About this task: Transcribe exactly, and only, the lines that fall between the line containing "実際にペリカンの「スーベレー" and the last line of the material, both ends included, omitting any pictures.

Task input:

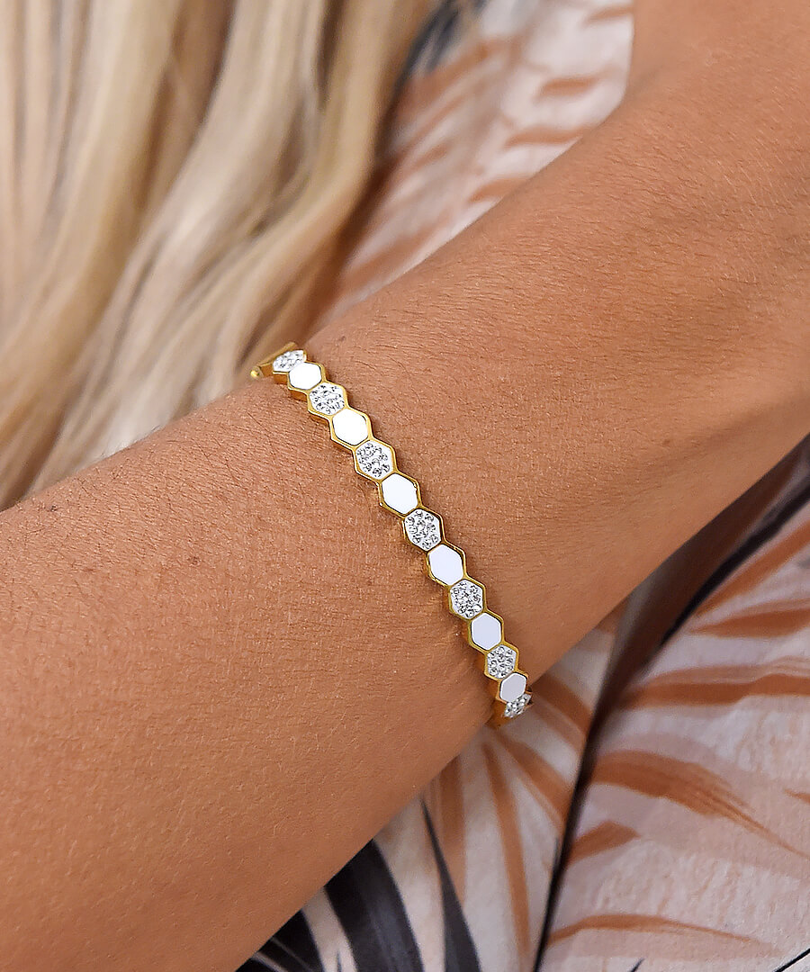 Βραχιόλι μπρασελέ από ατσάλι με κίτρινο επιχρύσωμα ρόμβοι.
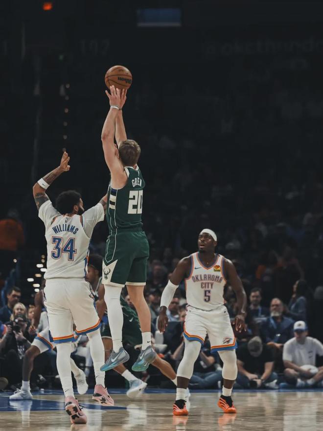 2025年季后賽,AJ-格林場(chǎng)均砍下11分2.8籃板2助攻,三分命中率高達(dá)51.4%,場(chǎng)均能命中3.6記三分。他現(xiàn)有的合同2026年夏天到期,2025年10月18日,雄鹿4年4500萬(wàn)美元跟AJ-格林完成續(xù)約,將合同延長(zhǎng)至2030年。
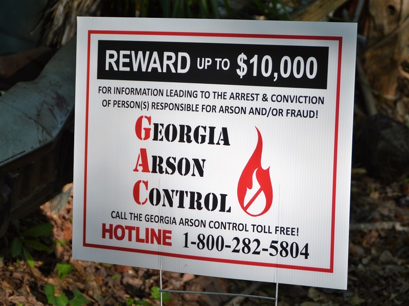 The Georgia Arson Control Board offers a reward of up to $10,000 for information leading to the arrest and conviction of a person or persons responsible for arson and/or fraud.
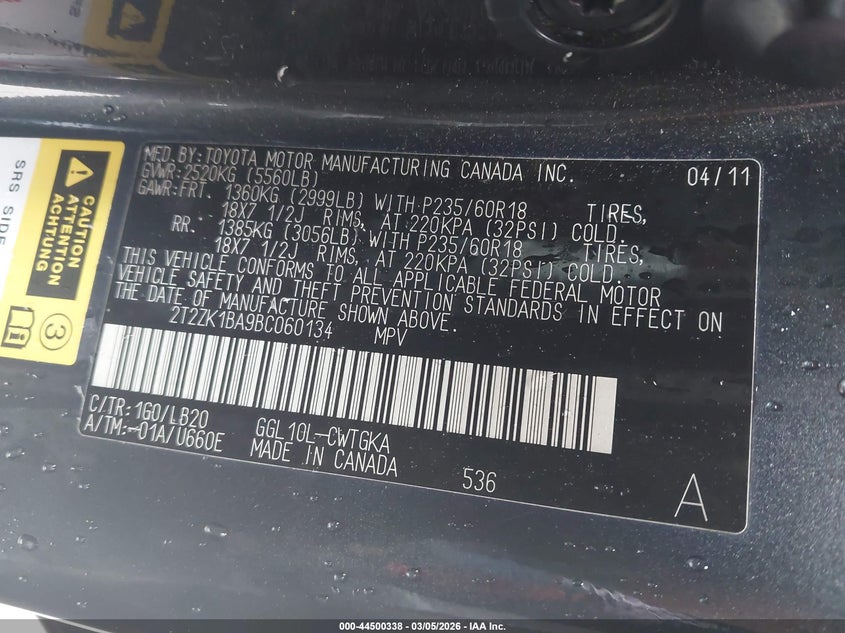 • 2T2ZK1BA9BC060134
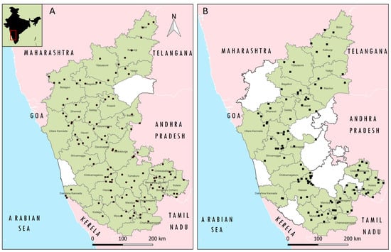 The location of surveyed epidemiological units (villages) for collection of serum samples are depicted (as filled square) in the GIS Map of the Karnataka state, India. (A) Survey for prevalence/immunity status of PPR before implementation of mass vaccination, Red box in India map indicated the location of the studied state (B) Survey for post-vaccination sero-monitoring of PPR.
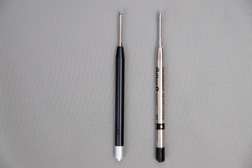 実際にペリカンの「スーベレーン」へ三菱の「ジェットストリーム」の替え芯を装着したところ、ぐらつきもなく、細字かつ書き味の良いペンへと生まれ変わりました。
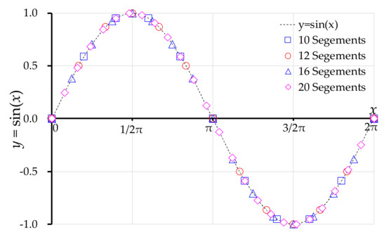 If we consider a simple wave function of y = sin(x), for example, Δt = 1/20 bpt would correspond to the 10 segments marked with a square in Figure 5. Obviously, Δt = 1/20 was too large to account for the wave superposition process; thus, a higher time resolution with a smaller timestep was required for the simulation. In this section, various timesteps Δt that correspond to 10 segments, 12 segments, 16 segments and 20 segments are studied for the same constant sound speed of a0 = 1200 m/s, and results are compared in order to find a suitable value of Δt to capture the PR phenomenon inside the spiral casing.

Answer space:
 実際にペリカンの「スーベレーン」へ三菱の「ジェットストリーム」の替え芯を装着したところ、ぐらつきもなく、細字かつ書き味の良いペンへと生まれ変わりました。
 If we consider a simple wave function of y = sin(x), for example, Δt = 1/20 bpt would correspond to the 10 segments marked with a square in Figure 5. Obviously, Δt = 1/20 was too large to account for the wave superposition process; thus, a higher time resolution with a smaller timestep was required for the simulation. In this section, various timesteps Δt that correspond to 10 segments, 12 segments, 16 segments and 20 segments are studied for the same constant sound speed of a0 = 1200 m/s, and results are compared in order to find a suitable value of Δt to capture the PR phenomenon inside the spiral casing.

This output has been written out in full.